__What is being asked__. After locating "Ce tablier a" in the listing below, copy that line and each one after it exactly, ending with the line that has "This Dressbarn women's".

__Source material__.
# # # # #

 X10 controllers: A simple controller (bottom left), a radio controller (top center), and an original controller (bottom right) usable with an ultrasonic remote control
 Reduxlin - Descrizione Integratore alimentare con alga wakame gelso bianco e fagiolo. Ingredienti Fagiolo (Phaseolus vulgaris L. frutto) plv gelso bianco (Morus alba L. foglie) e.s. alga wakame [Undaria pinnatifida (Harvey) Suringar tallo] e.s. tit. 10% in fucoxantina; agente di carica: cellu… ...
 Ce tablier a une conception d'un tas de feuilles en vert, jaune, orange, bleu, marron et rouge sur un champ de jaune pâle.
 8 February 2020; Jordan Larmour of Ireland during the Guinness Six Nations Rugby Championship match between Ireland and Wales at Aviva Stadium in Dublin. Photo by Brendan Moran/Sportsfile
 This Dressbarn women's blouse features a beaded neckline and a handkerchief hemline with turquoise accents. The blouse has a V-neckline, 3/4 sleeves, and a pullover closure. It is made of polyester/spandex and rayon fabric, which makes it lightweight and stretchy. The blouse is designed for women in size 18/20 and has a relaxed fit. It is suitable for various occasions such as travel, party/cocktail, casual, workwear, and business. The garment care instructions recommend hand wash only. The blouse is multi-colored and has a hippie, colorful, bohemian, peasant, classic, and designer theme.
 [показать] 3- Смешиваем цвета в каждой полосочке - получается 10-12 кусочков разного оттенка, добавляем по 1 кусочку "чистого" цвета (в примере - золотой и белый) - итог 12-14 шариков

# # # # #

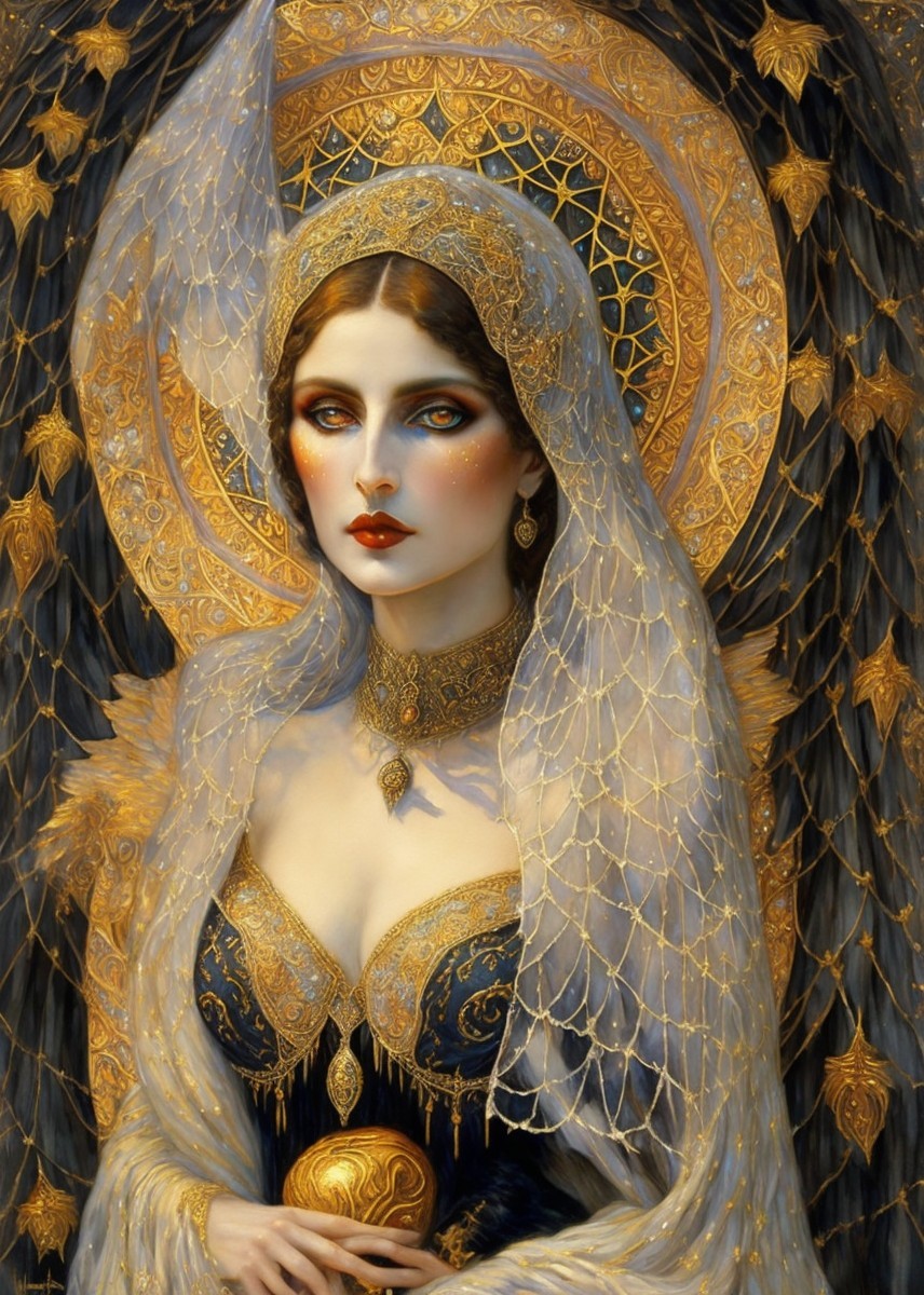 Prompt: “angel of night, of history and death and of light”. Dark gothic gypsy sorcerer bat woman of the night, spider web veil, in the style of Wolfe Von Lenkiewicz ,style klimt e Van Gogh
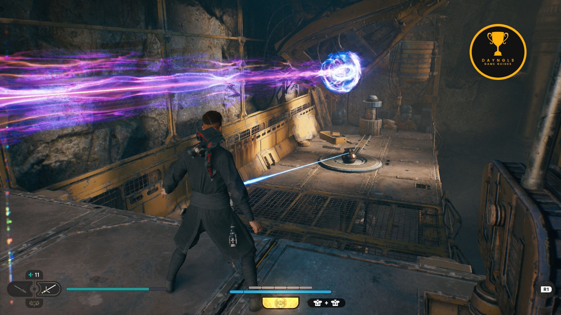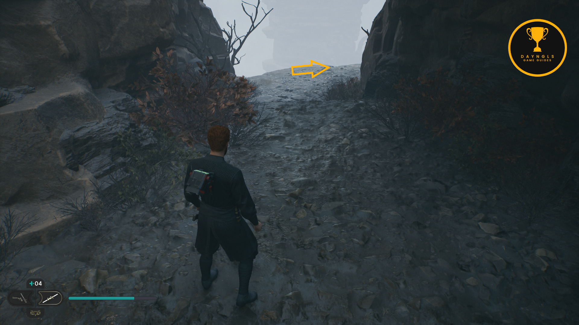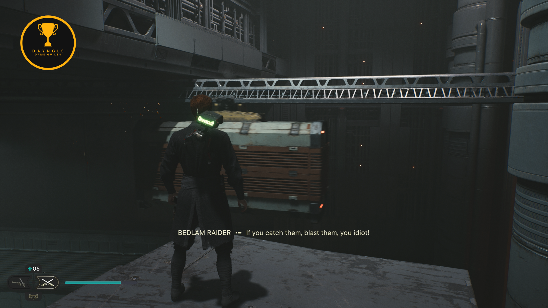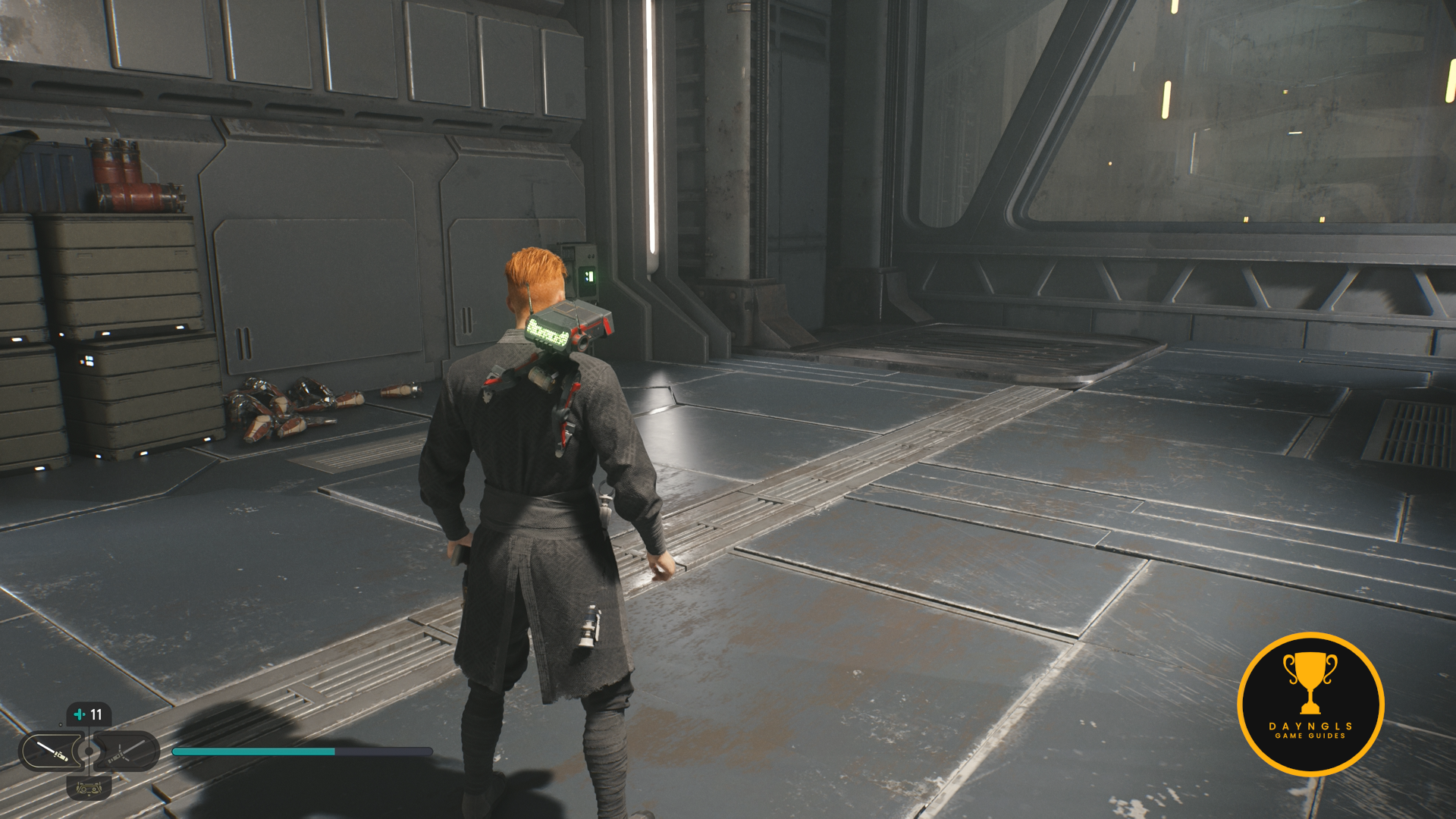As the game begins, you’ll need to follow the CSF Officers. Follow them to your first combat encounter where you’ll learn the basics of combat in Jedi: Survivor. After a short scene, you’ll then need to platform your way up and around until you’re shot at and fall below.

# # # # #

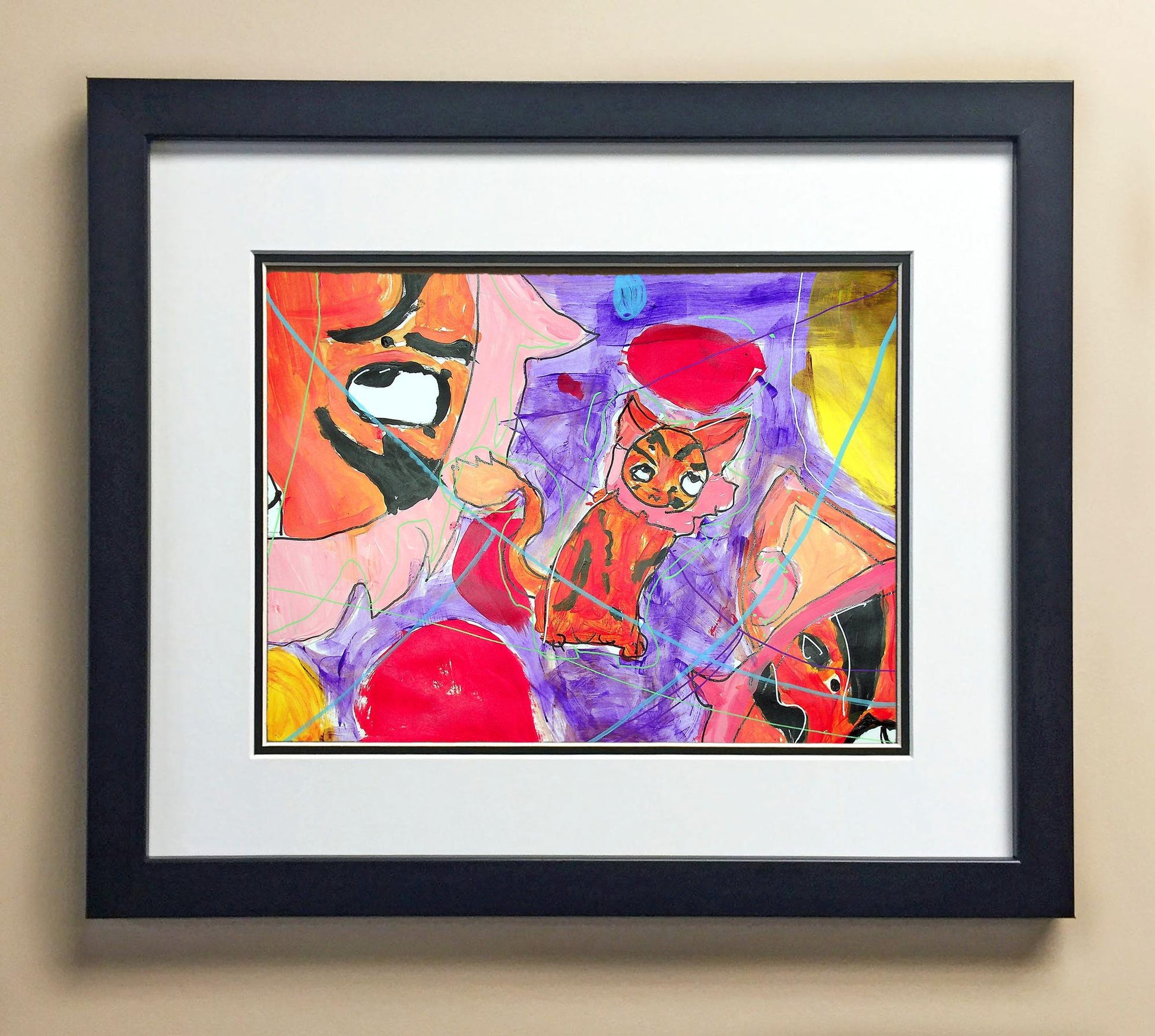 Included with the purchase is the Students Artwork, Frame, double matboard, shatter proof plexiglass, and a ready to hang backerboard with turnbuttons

# # # # #

__Exercise output__.
 Ce tablier a une conception d'un tas de feuilles en vert, jaune, orange, bleu, marron et rouge sur un champ de jaune pâle.
 8 February 2020; Jordan Larmour of Ireland during the Guinness Six Nations Rugby Championship match between Ireland and Wales at Aviva Stadium in Dublin. Photo by Brendan Moran/Sportsfile
 This Dressbarn women's blouse features a beaded neckline and a handkerchief hemline with turquoise accents. The blouse has a V-neckline, 3/4 sleeves, and a pullover closure. It is made of polyester/spandex and rayon fabric, which makes it lightweight and stretchy. The blouse is designed for women in size 18/20 and has a relaxed fit. It is suitable for various occasions such as travel, party/cocktail, casual, workwear, and business. The garment care instructions recommend hand wash only. The blouse is multi-colored and has a hippie, colorful, bohemian, peasant, classic, and designer theme.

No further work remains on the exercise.